▶ **WORK INSTRUCTION**: Repeat exactly the lines of the material below that run from the "Der Melting Cup" line to the "Рисунок 2.4 Схемы" line, including both, and do not carry over any pictures.

▶ **PROVIDED ENTRIES**:

══════════

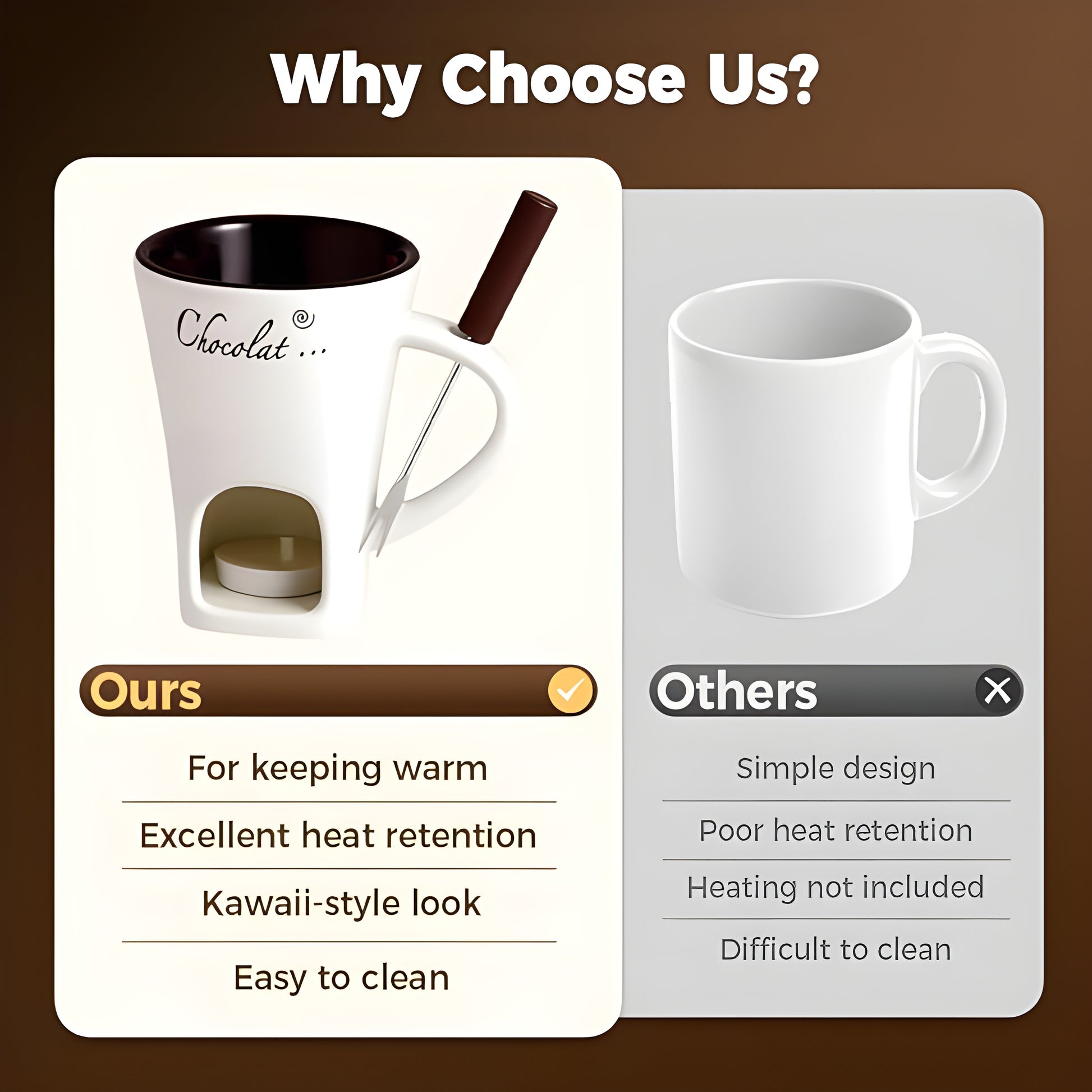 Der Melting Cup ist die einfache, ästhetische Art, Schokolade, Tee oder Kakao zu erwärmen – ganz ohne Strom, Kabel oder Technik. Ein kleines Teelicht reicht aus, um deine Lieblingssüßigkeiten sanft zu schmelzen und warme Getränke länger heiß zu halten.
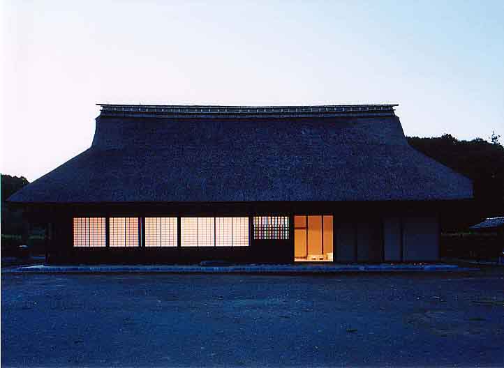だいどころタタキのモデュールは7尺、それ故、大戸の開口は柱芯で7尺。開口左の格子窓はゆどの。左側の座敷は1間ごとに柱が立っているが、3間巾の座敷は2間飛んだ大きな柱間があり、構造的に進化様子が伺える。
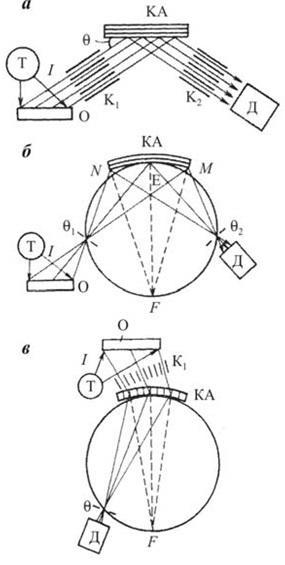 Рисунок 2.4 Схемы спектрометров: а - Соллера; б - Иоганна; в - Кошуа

══════════

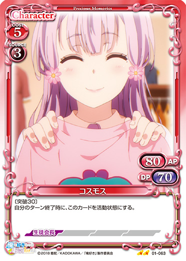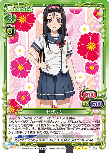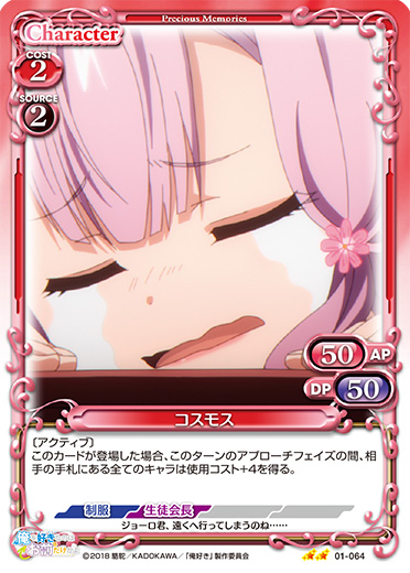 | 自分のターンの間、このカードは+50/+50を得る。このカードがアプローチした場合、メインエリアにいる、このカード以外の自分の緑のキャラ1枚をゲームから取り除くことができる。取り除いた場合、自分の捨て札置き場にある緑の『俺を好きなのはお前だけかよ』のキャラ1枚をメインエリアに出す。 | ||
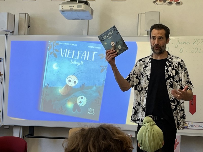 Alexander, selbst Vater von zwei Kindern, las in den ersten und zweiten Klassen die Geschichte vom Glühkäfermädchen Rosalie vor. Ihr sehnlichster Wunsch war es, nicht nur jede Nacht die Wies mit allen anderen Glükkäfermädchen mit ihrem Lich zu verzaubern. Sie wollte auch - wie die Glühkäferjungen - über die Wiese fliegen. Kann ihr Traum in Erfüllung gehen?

══════════

▶ **OUTPUT OF THE TASK**:
 Der Melting Cup ist die einfache, ästhetische Art, Schokolade, Tee oder Kakao zu erwärmen – ganz ohne Strom, Kabel oder Technik. Ein kleines Teelicht reicht aus, um deine Lieblingssüßigkeiten sanft zu schmelzen und warme Getränke länger heiß zu halten.
だいどころタタキのモデュールは7尺、それ故、大戸の開口は柱芯で7尺。開口左の格子窓はゆどの。左側の座敷は1間ごとに柱が立っているが、3間巾の座敷は2間飛んだ大きな柱間があり、構造的に進化様子が伺える。
 Рисунок 2.4 Схемы спектрометров: а - Соллера; б - Иоганна; в - Кошуа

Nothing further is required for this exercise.